Au strict plan des constatations, le policier explique que cette méthodologie ressemble à celle employée pour un crash, dans le sens où c’est une scène de crime large, avec une dissémination des corps, des traces et des indices. L’idée est donc de subdiviser un très grand espace en sous zones dans lesquelles sont projetés plusieurs groupes d’agents de constatations.

Avant même de commencer son récit, le policier s’excuse si transparait « un peu d’émotion et de sentiments personnels ». Il précise que ce n’est pas le cas normalement d’un officier de police judiciaire devant une Cour d’assises.

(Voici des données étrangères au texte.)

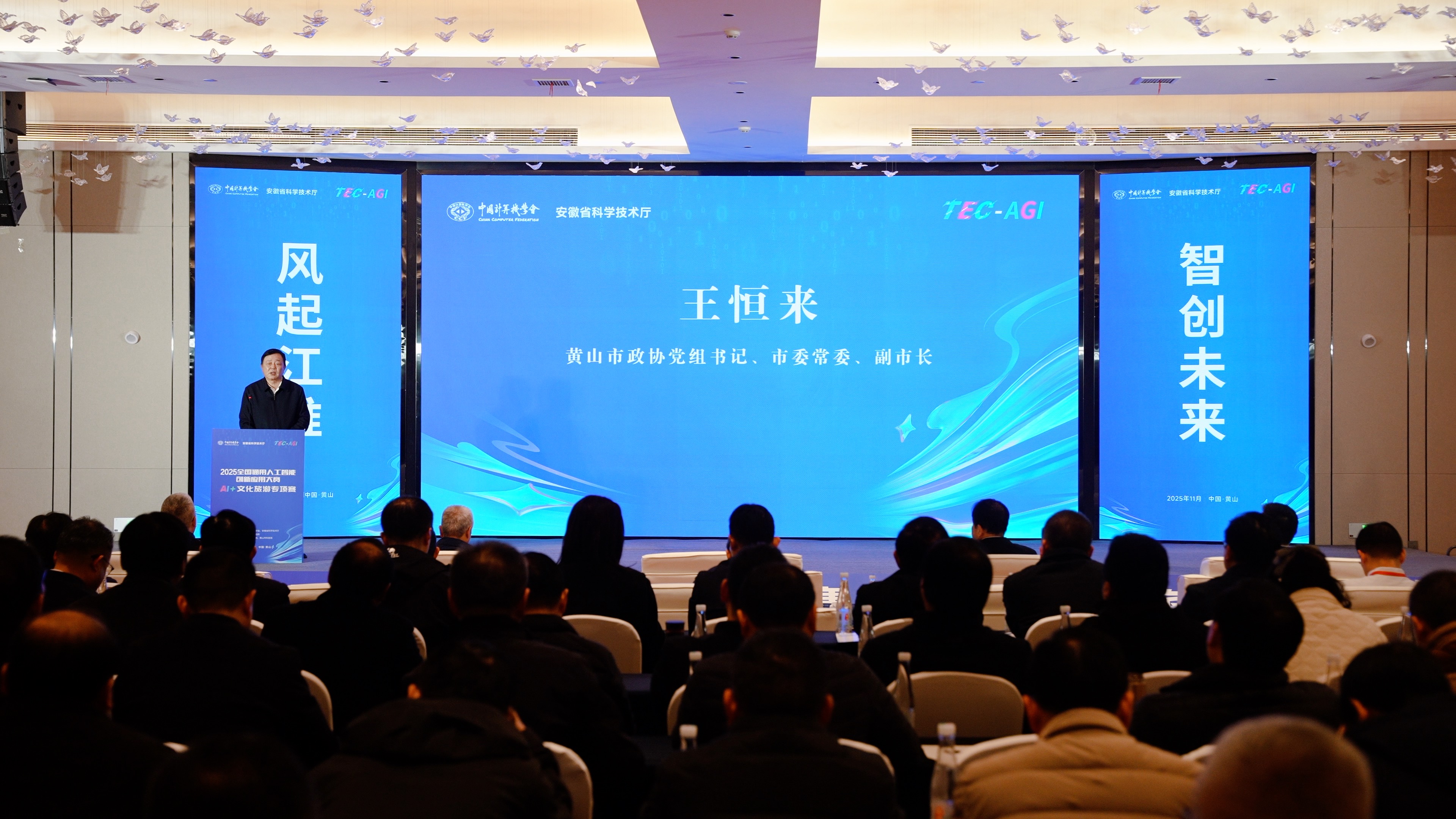 11月28日,2025全国通用人工智能创新应用大赛“AI+文化旅游”专项赛决赛在安徽歙县隆重举办。现场汇集了来自上海、深圳、合肥等地的20个优秀项目团队展开路演比拼。各团队围绕徽州古城、渔梁景区等核心场景,聚焦人工智能在文旅融合、文化保护与消费体验等领域的深度应用,展示AI技术在文旅领域的创新实践,共同角逐全国总决赛入场资格,助力技术从“实验室”走向“应用场”。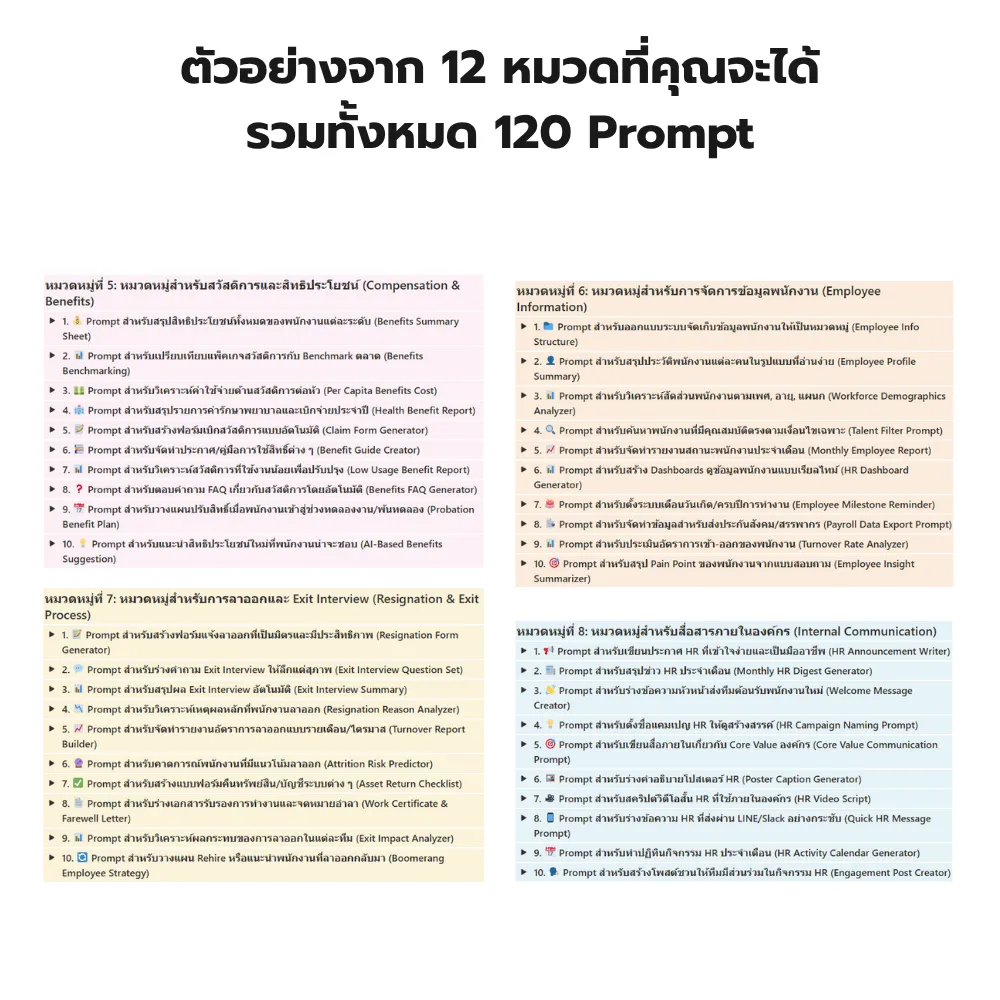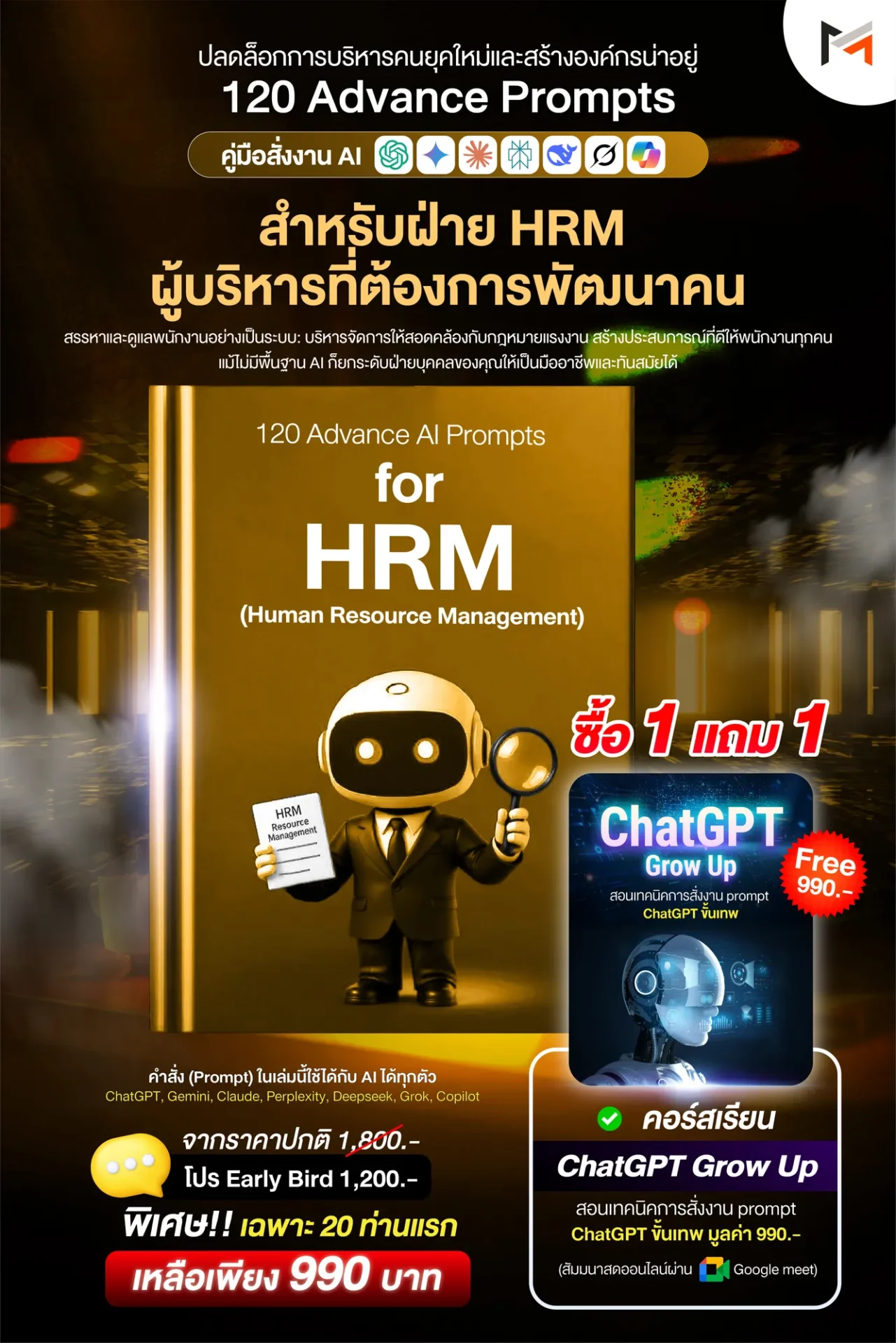 E-book 120 คำสั่งขั้นสูงสำหรับการบริหารทรัพยากรบุคคล (HRM) โดยเฉพาะ (Ultimate Prompt Book: 120 Advanced AI Prompts for HRM (Human Resource Management))

Il continue, expliquant que ce soir-là, toutes les patrouilles se rapatrient au 36 quai des Orfèvres et se met à disposition une centaine d’enquêteurs pour la brigade criminelle, précise-t-il. Lui, est le coordinateur de la scène du Bataclan. Il se rend avec un petit effectif sur place avec pour mission de faire la jonction avec les effectifs d’autres services.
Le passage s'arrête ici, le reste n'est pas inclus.